Provided data:
========

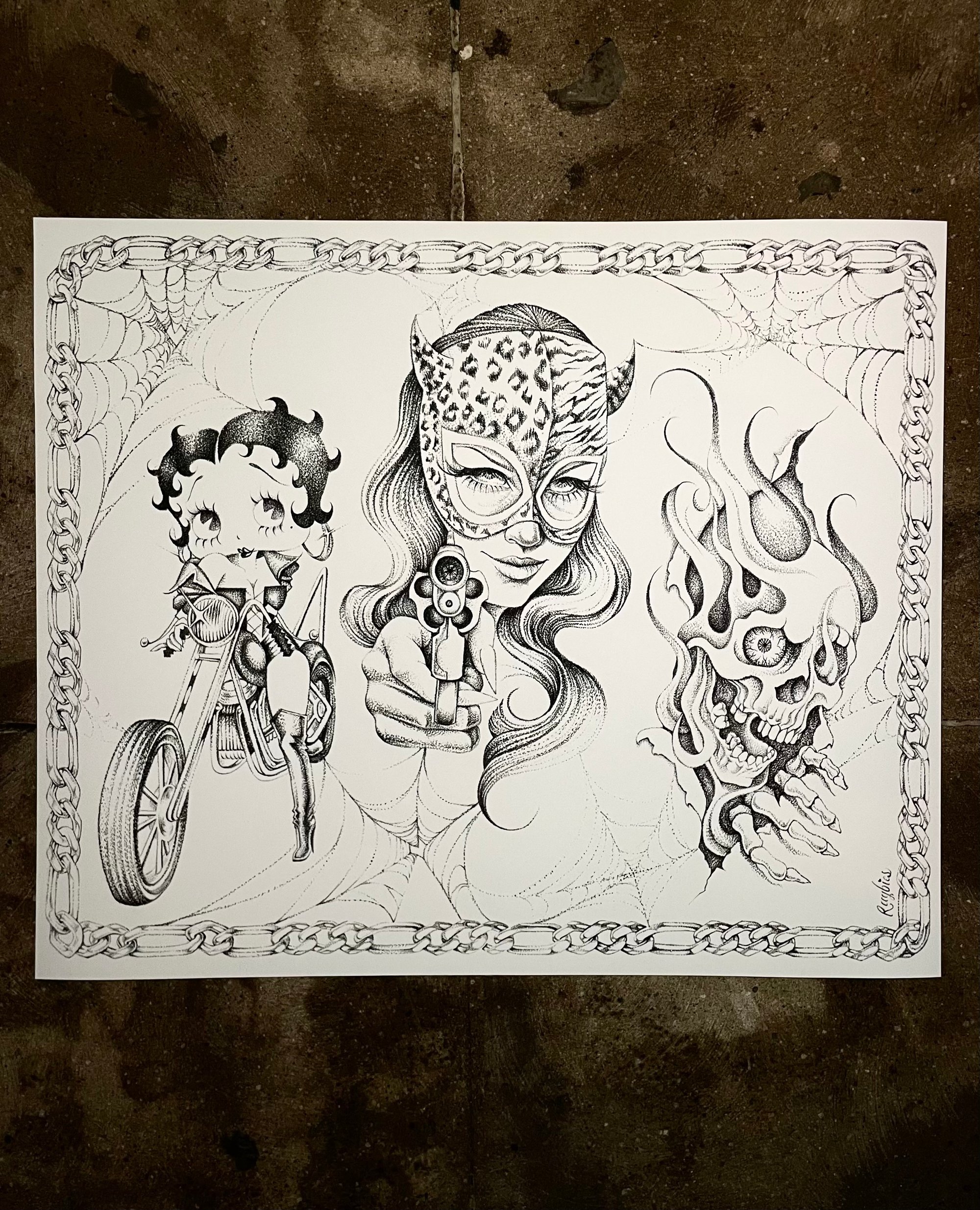 My take on classic 80s American trad / Chicano style tattoo art featuring Betty boop, a criminal femme fatale, and a flaming skull ripping out of the page.
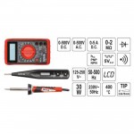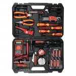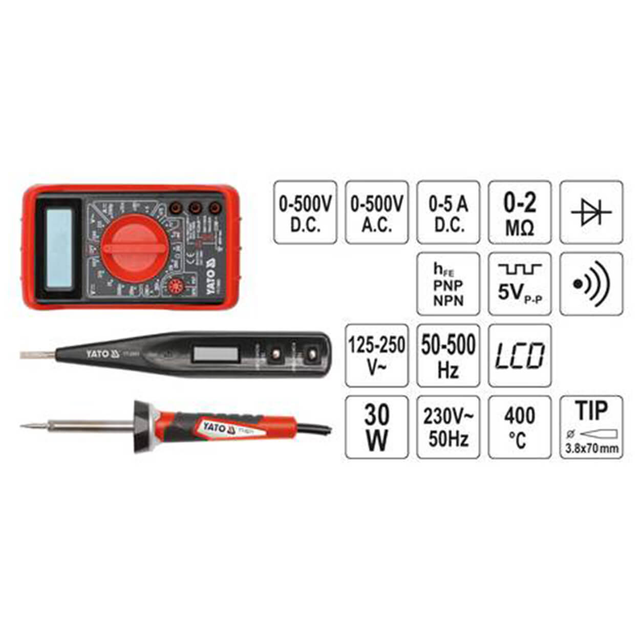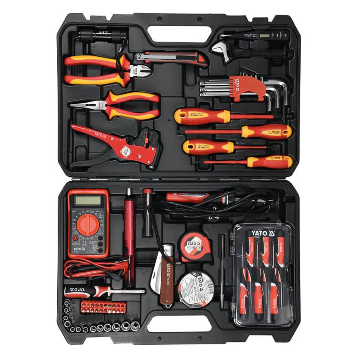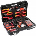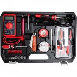 Мультиметр цифровой 500В; Тестер напряжения цифровой 12-250V с дисплеем; Электропаяльник стержневой 60В; Клещи-автомат для снятия изоляции 0,5-6 мм 175 мм; Шприц для удаления припоя; Ключ разводной цельный 19х150 мм (черный); Бокорезы 160 мм (до 1000В); Утконосы 160 мм (до 1000В); Отвертки плоские (до 1000В): 4х75, 5.5х125; Отвертки крестовые диэлектрические (до 1000В): РН1х80, РН2х100; Набор точных часовых отверток: 1,4х50, 2х50, 2,4х50, РН00х50, РН0х50, РН1х50; Ключи шестигранные от 1,5 до 10 мм; Нож складной 190 мм; Нож с отломным лезвием 9 мм; Пинцет антимагнитный кислотостойкий прямой 140 мм HRC 30; Рулетка 3 м х 19 мм (стальная лента с нейлоновым покрытием с миллиметровой шкалой); Фонарик алюминиевый 9 LED; Изолента 19 мм х 20 м черная; Головки 1/4’’: плоские 3, 4, 5.5, 6 мм; РН1, РН2, РН3; Т8, Т10, Т15, Т20, Т25, Т27; 6-гранные 2, 2.5, 3, 4, 5, 6 мм Кейс
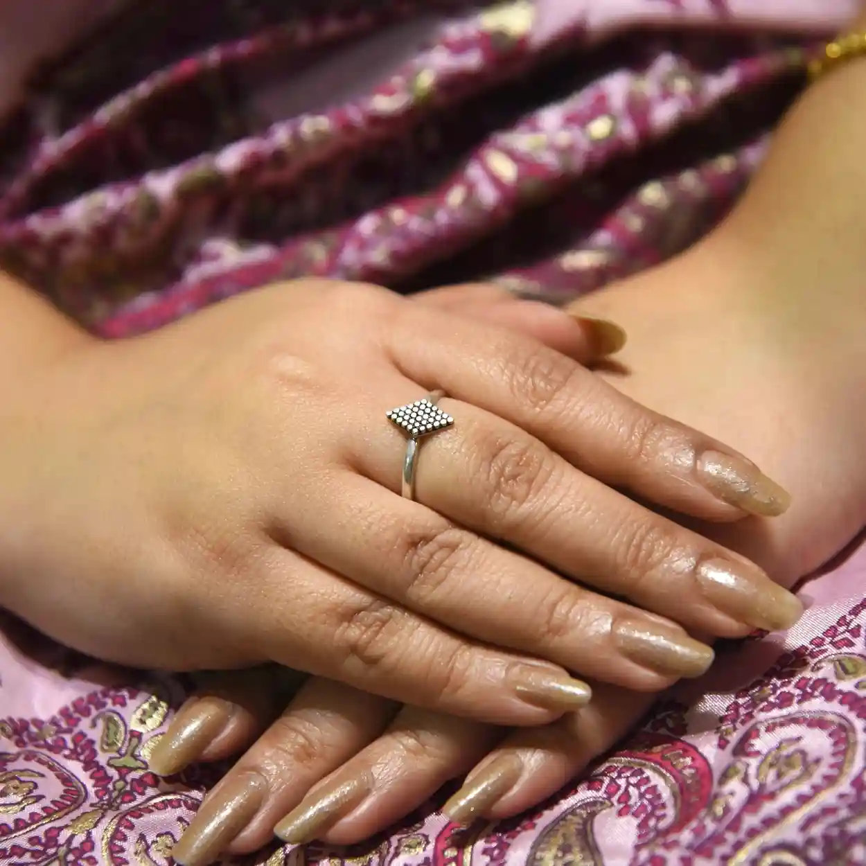 Product Name: Dot Square Silver Ring Jewellery Type: Finger Ring Design Motif: Square top with dotted texture Occasion: Everyday wear, workwear, gifting, casual celebrations A contemporary silver ring featuring a raised square top detailed with a fine textured dot pattern. The clean geometric design adds subtle depth and character while maintaining a minimal, refined look. Lightweight and versatile, this ring is perfect for everyday wear or effortless styling with layered jewellery. Dress pairing: • Indian wear like cotton kurtas, block-print suits, handloom sarees, or Indo-fusion outfits • Western styles such as casual dresses, linen shirts, neutral tops, or office-wear ensembles • Pairs beautifully with minimalist jewellery and muted tones for a clean, modern finish
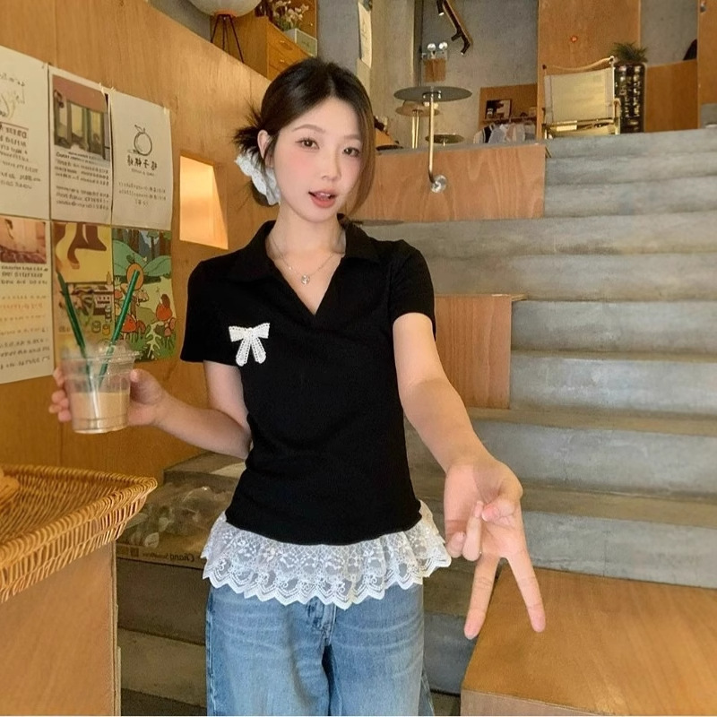 时尚大码2025夏装新款胖mm韩版polo领百搭潮流蕾丝蝴蝶结短袖T恤

========

Task objective: With the pictures removed, repeat the listing above exactly as it stands.

Completed exercise:
 My take on classic 80s American trad / Chicano style tattoo art featuring Betty boop, a criminal femme fatale, and a flaming skull ripping out of the page.
 Мультиметр цифровой 500В; Тестер напряжения цифровой 12-250V с дисплеем; Электропаяльник стержневой 60В; Клещи-автомат для снятия изоляции 0,5-6 мм 175 мм; Шприц для удаления припоя; Ключ разводной цельный 19х150 мм (черный); Бокорезы 160 мм (до 1000В); Утконосы 160 мм (до 1000В); Отвертки плоские (до 1000В): 4х75, 5.5х125; Отвертки крестовые диэлектрические (до 1000В): РН1х80, РН2х100; Набор точных часовых отверток: 1,4х50, 2х50, 2,4х50, РН00х50, РН0х50, РН1х50; Ключи шестигранные от 1,5 до 10 мм; Нож складной 190 мм; Нож с отломным лезвием 9 мм; Пинцет антимагнитный кислотостойкий прямой 140 мм HRC 30; Рулетка 3 м х 19 мм (стальная лента с нейлоновым покрытием с миллиметровой шкалой); Фонарик алюминиевый 9 LED; Изолента 19 мм х 20 м черная; Головки 1/4’’: плоские 3, 4, 5.5, 6 мм; РН1, РН2, РН3; Т8, Т10, Т15, Т20, Т25, Т27; 6-гранные 2, 2.5, 3, 4, 5, 6 мм Кейс
 Product Name: Dot Square Silver Ring Jewellery Type: Finger Ring Design Motif: Square top with dotted texture Occasion: Everyday wear, workwear, gifting, casual celebrations A contemporary silver ring featuring a raised square top detailed with a fine textured dot pattern. The clean geometric design adds subtle depth and character while maintaining a minimal, refined look. Lightweight and versatile, this ring is perfect for everyday wear or effortless styling with layered jewellery. Dress pairing: • Indian wear like cotton kurtas, block-print suits, handloom sarees, or Indo-fusion outfits • Western styles such as casual dresses, linen shirts, neutral tops, or office-wear ensembles • Pairs beautifully with minimalist jewellery and muted tones for a clean, modern finish
 时尚大码2025夏装新款胖mm韩版polo领百搭潮流蕾丝蝴蝶结短袖T恤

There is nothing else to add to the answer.